Main Research Topics
Our main research interest is to detect correlations between a zoonotic pathogen’s genome sequence and its ability to colonize a host and replicate in it and to characterize these at the organismic, cellular and molecular levels. Here, we mainly focus on two organisms, Escherichia coli and Coxiella burnetii, which utilize different patterns/strategies to establish genome dynamics.
With about 2,000 gene families in its core genome and close to 90,000 in its still quite open pan genome, E. coli exhibits remarkable genomic and phenotypic variation. This genetic plasticity is mainly driven by widespread horizontal gene transfer and strongly contributes to defining the many pathovars that have been described so far. One important pathovar is Shiga toxin producing E. coli (STEC), which can cause outbreaks of bloody diarrhea and hemolytic uremic syndrome (HUS) in humans. Human pathogenic STEC are also referred to as enterohemorrhagic E. coli (EHEC). Cattle and other ruminants serve as natural reservoir hosts of STEC strains. We recently showed that this may also hold for an EHEC/enteroaggregative hybrid strain of serotype O104:H4, the cause of an unprecedented large HUS outbreak which struck Germany in 2011. Understanding the factors crucial for STEC survival and colonization in ruminants will aid in designing new intervention strategies to prevent human disease. A longitudinal study investigating the shedding of STEC from cattle revealed that some strains persisted for longer periods of time, while others were detected only sporadically. Persisting strains can serve as gene reservoirs that supply other E. coli strains with virulence factors, thereby generating new outbreak strains. By analyzing representative genes of the respective core and accessory genomes, we try to define the underlying genetic patterns that distinguish these persistent from sporadically colonizing STEC isolates.

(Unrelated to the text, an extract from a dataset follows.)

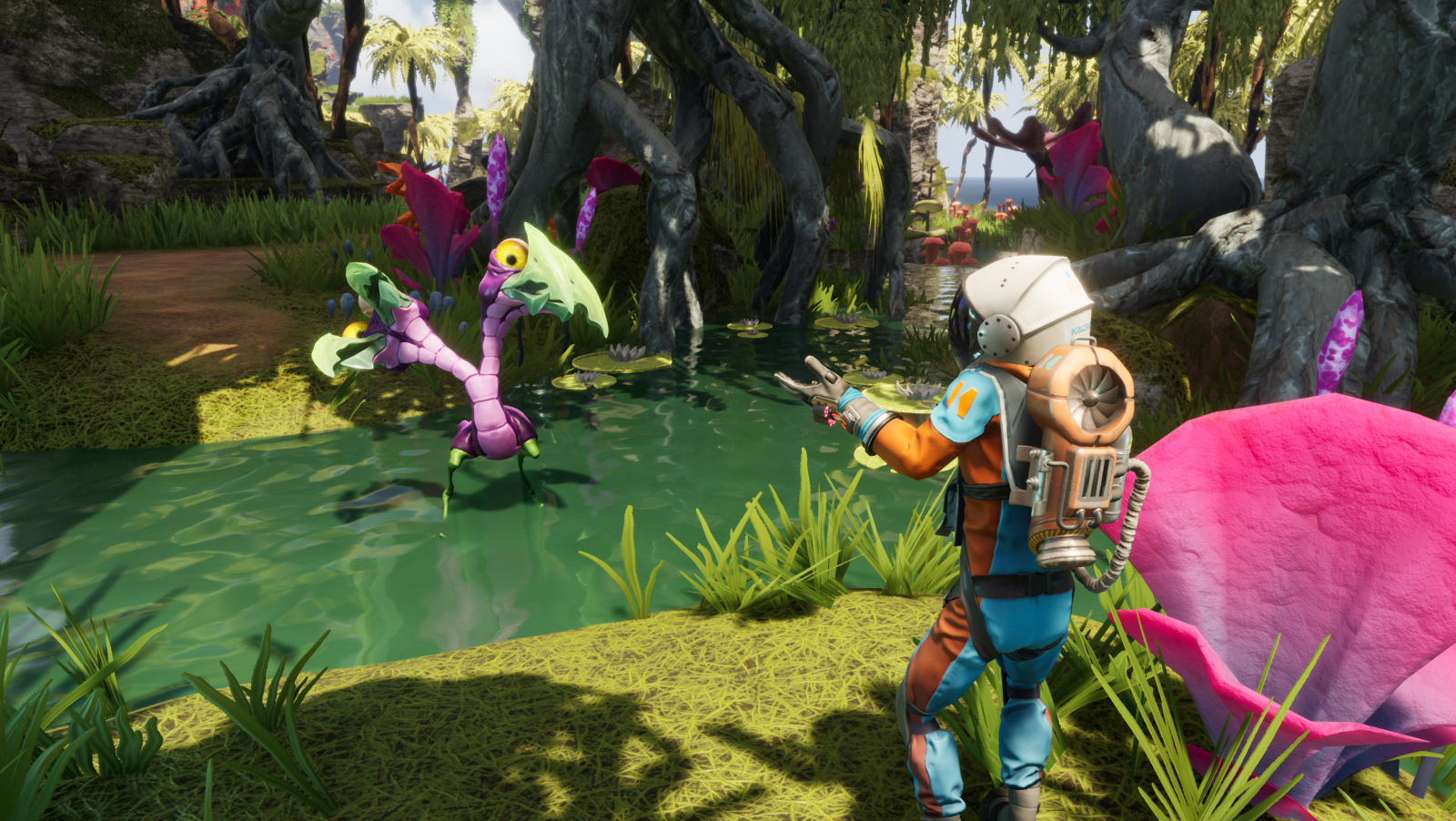 The flowers that give you health and ones that you use in combat and exploration are all the same. Even the critters found in the base game have returned, aside from a few new ones that don’t add much to the scenery. And with the ocean being part of the world that you can explore, you’ll find that it’s as barren as our Moon. There are no fish scuttling about the ocean floor and absolutely no threat of threatening shark-like creatures ready to maul you when you tread in the deep end. Which leads me to my main complaint about the base game: with the name of the game being Journey to the Savage Planet, there needs to be a sense of fear, and the new locales you travel to need to feel completely alien, but they don’t, and those shortcomings bleed their way into this new content.

Coxiella burnetii, an obligate intracellular pathogen, is the causative agent of the zoonotic disease Q fever, which either presents as an acute, usually self-limiting flu-like disease or, more rarely, as a chronic endocarditis or vascular illness. Genome evolution within the genus involves genome rearrangement, differential formation of pseudogenes and insertion element expansion and there are correlations between pathotype and genome content. Our research interest is to identify factors, either pathogen- or host cell-encoded, that contribute to host cell specificity and disease etiopathology.
These research topics are addressed experimentally using methods from Next Generation Sequencing, Molecular Biology, Genetics and Genome Engineering, Microbiology, Cell Biology and Immunology.